Now here is the basic result. The distribution of consumption in the 2 methods the hybrid and the community method look the same. The red dotted curve and the blue curve look exactly the same. The PMT is significantly different and on an average is the better one. The government method is better then the community method. If you ask the community to get slightly less poor people on average, if you see, the green curve is peaked to the left of blue and red curve meaning that the government method is picking poor people better. Not big difference, though.

Basically if you look at the measure of mistargeting that is how many people who are not poor got added and how many poor got included in non poor, then you find there is a 3% difference. So the proportion of mistargeted people went down by 3% when you move to the government method. So you can say community did slightly worse on identifying the poor.

Actually, in terms of identifying the very poorest, people who are really below the poverty line, the community method does better. On the whole, however, it does not do better. This was what the government there was really interested in. We also asked them are you happy with the outcome. After the targeting was done, the money was distributed. Six months after all this was done, we went and asked  them that which did you think was a good process. The community by far preferred its own method. We then went to every household and privately asked them which method did they like and which they didn’t. We asked them on a scale of 1 to 10 where will you put the outcome and people were willing to put the community outcome at an higher level than the government outcome. People thought community outcome was fair even though as you can see it is worse in picking the poor people.

So why did the government do better or differently? The first possibility is that the community is captured by the elite. The elite just take a decision and then they implement it. I said I will the look at two different versions - one is by asking the whole community to come and the other is by inviting just the top 10 village officials to come. It actually makes no difference whom you invite. Either you invite only the village officials or rest of the people, they pick the same people. It is not because of elite capturing it, somehow the elite just add their friends to it and so you get a different outcome.

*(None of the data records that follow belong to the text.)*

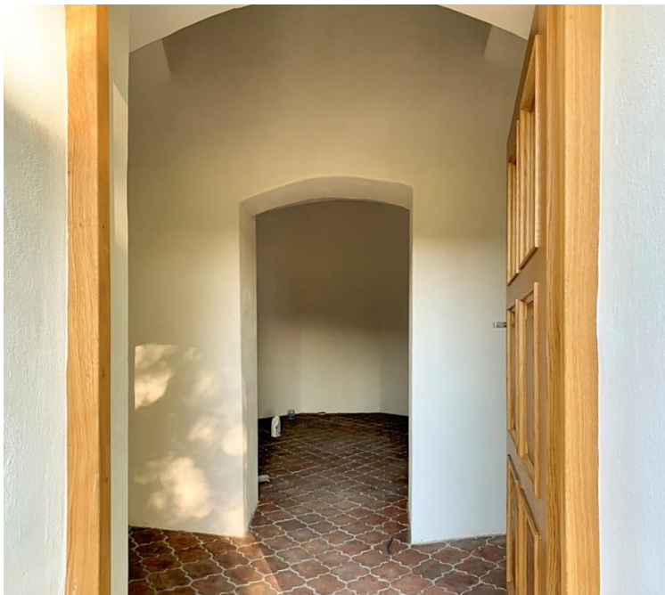
Foto: Vnitřní rekonstrukce kapličky v Pravěticích
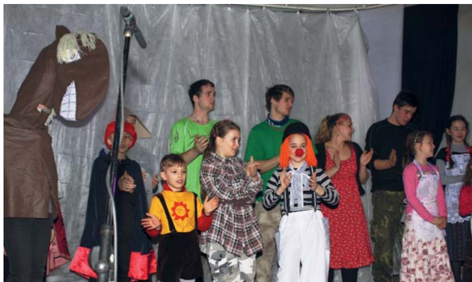
TŘI VETERÁNI
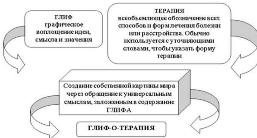
Рисунок 3. Этимолого-логическая цепочка построения термина «глифотерапия». Денотативное и коннотативное значение термина «глифотерапия» (составлено авторами)

Исходя из вышеизложенного, обоснование термина «глифотерапия» представлено на рисунке 3.
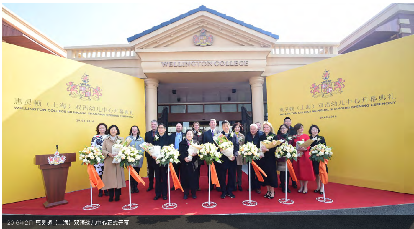
2016年2月 惠灵顿（上海）双语幼儿中心正式开幕
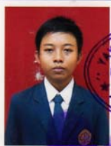
SMK MEDIA INFORMATIKA
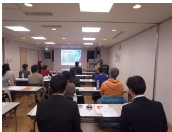
こくぶんじ創業塾の様子
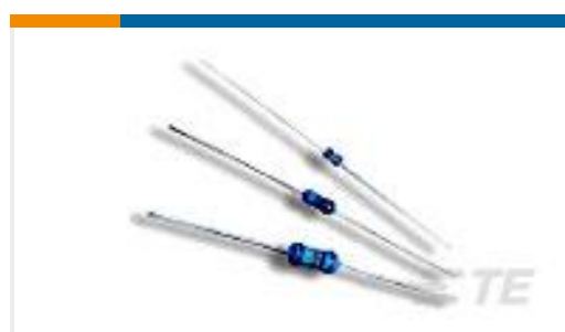
TE 产品编号1622600-1 LR1L 5% R22
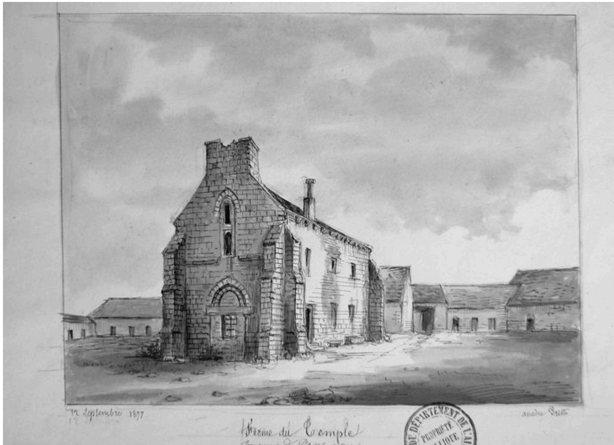
Dessin de la chapelle médiévale de la commanderie en 1877, par Amédée Piette (AD Aisne : 8 Fi Pontavert 3).
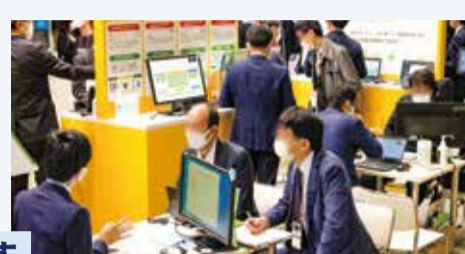
全てのブースで座って商談ができます
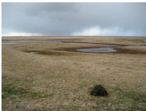
Vegur í átt að bæjarhól. Tekið í suður.

Staðhættir: Á túnakorti sem líklegast var teiknað um 1920, er skráð leið. (Túnakort [1920].) Frá bæjarhól Hafliðakots í austur í átt að bænum Borg má sjá upphækkun í landinu. Er þetta að öllum líkindum vegur, ólíklegur er að um sokkinn túngarð sé að ræða þó það sé
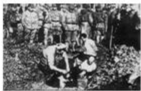
图 1 日军活埋南京和平居民

26. (13 分) 为了纪念中国人民抗日战争暨世界人民反法西斯战争的胜利，学校举办了以抗日战争为主题的展板。下面是学生搜集的关于抗日战争的历史图片资料。

The other thing we did is to randomize the order in which people were ranked. There are 400 people and you have to rank them one by one. So how did you do? We chose randomly who gets first rank and at the end it turns out that the people in the community does very well for the first half an hour and then they get tired and the errors keep going up. Towards the end, they were just saying put him anywhere. The community just got extremely tired of this thing. So we were just making demands of them for ranking this people we thought they must know. Who is poor would be easy for them to tell but they found it difficult as we randomized the order.

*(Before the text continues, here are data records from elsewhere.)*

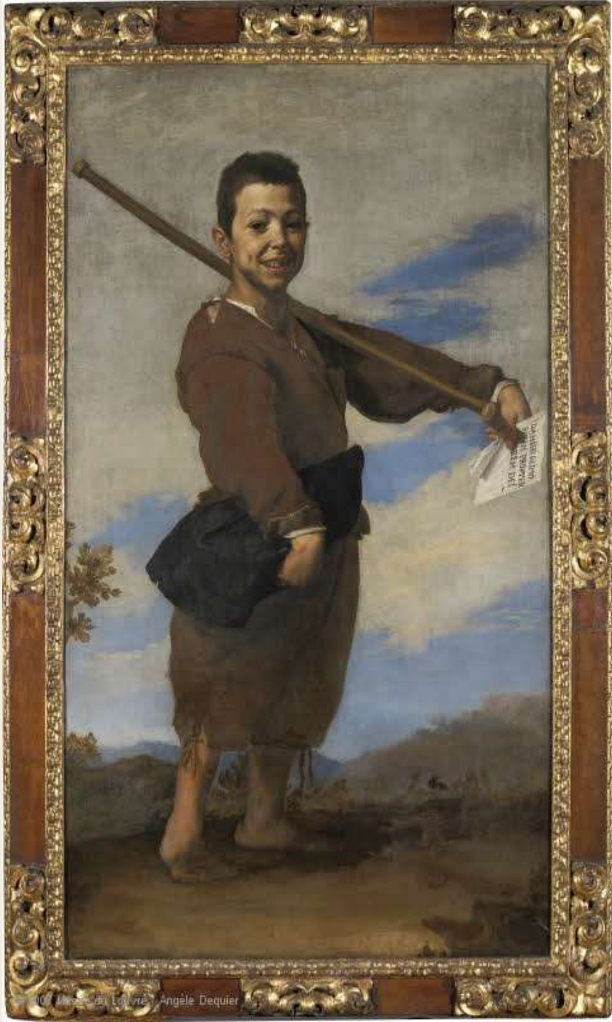
Musée du Louvre - Angèle Dequier
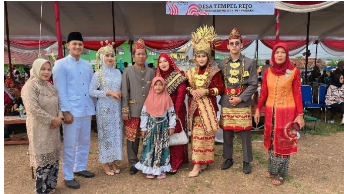
Gambar 2 8 Menjadi Pengantin pada Acara Festival Budaya
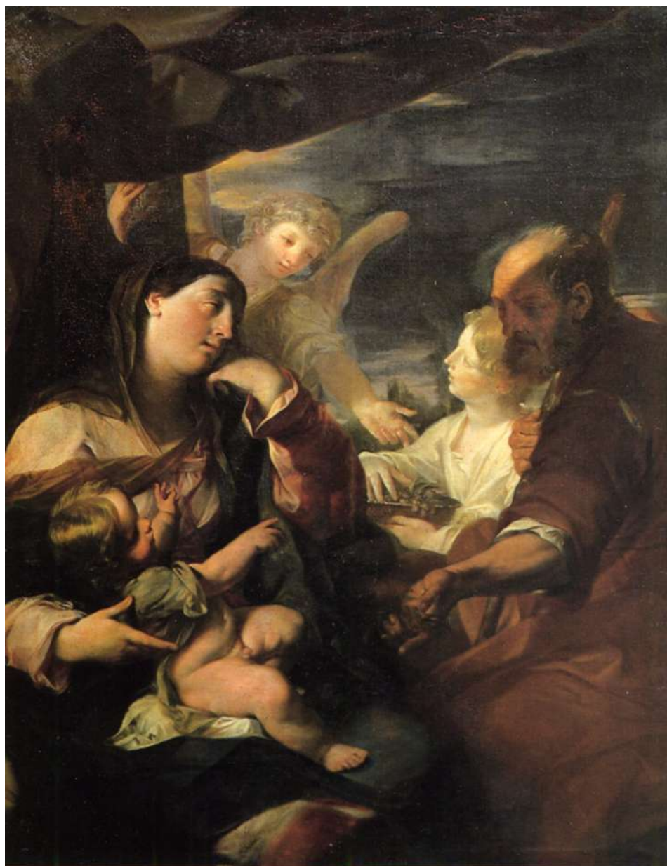
8. Felice Torelli: Riposo durante la fuga in Egitto Busto Arsizio (Varese), collezione privata
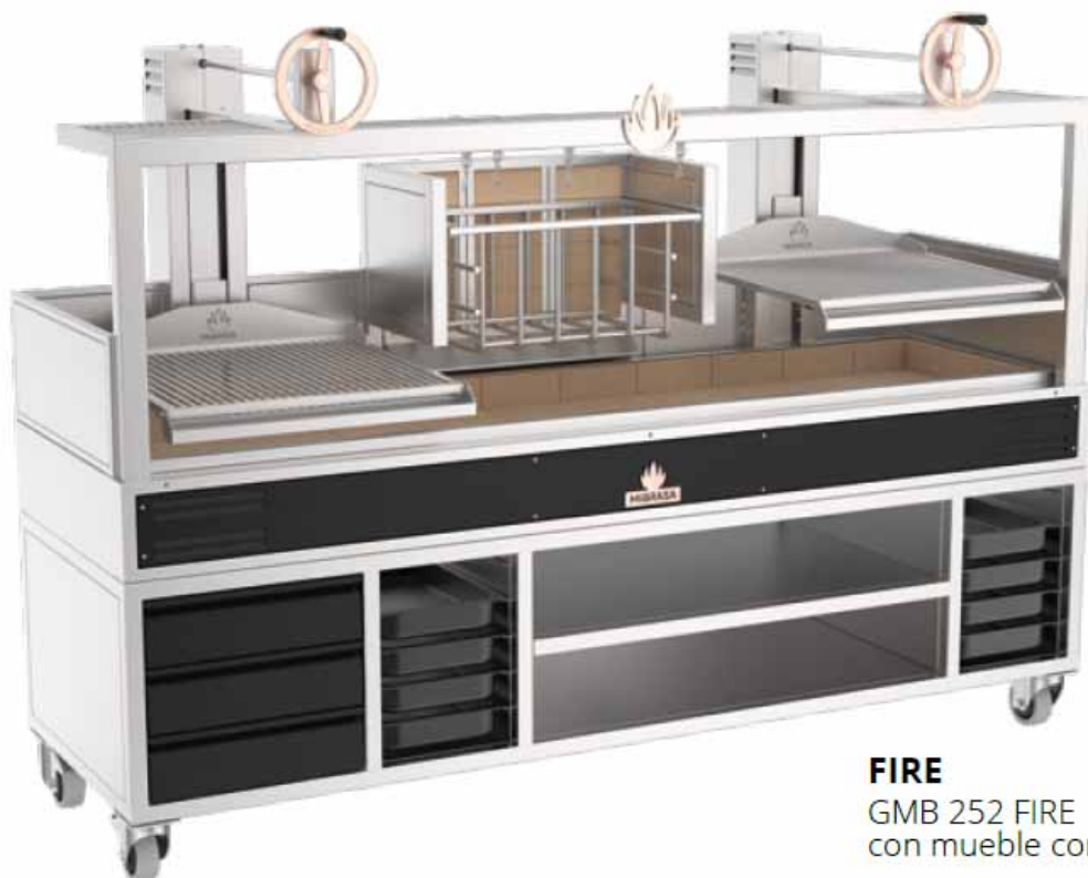
FIRE GMB 252 FIRE con mueble completo
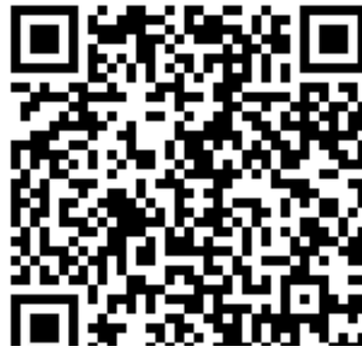
نموذج إتمام مهمة
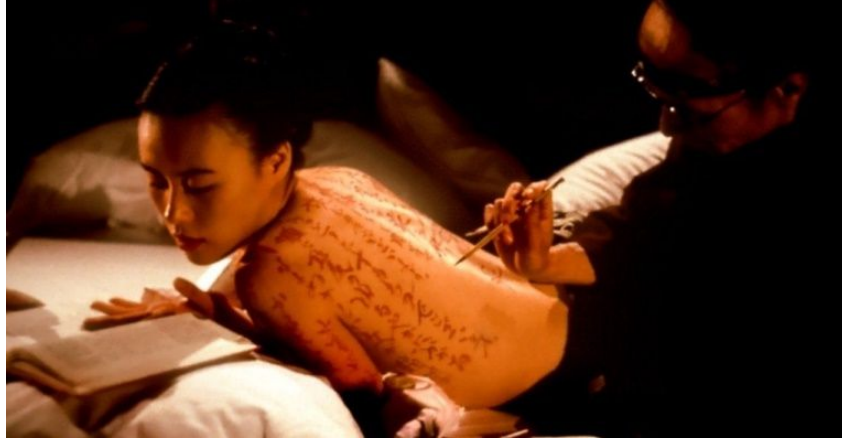
Resim 6: 'The Pillow Book'

Çağdaş sanatın en güçlü kadın sanatçılarından biri olan İran asıllı Shirin Neshat (1957-) 'ın Allah'ın Kadınları' serisinde siyah beyaz fotoğraflarda çarşafly kadınlar yer almaktadır. Ortadoğu, özellikle İranlı kadınların içinde bulunduğu açmazlara değinen Neshat, İslami iktidarın kadın bedeni üzerindeki kimlik oluşumuna dikkat çekmektedir.

We could see exactly what was happening there. One way to look at that is to look at the correlation between how the village rank this people and they rank themselves. If they ask are you very poor, people say yes some say no. But it turns out that the community is much more sensitive to people’s self description than the government. The latter method actually pretty much ignores this information. We correlated that with what people say.

The community’s goals seem to be somewhat different than what the government method was doing. Interestingly the community seems to be identifying qualities of household that are not picked up by the government methods. It basically picks up per capita consumption but other things matter too. It matters whether you are lazy or not. The community is against lazy people. Those people who have a high level of education but at the same time live off others, the community thinks those people should not be treated as poor. The community thus has its own views on who deserves to be called poor.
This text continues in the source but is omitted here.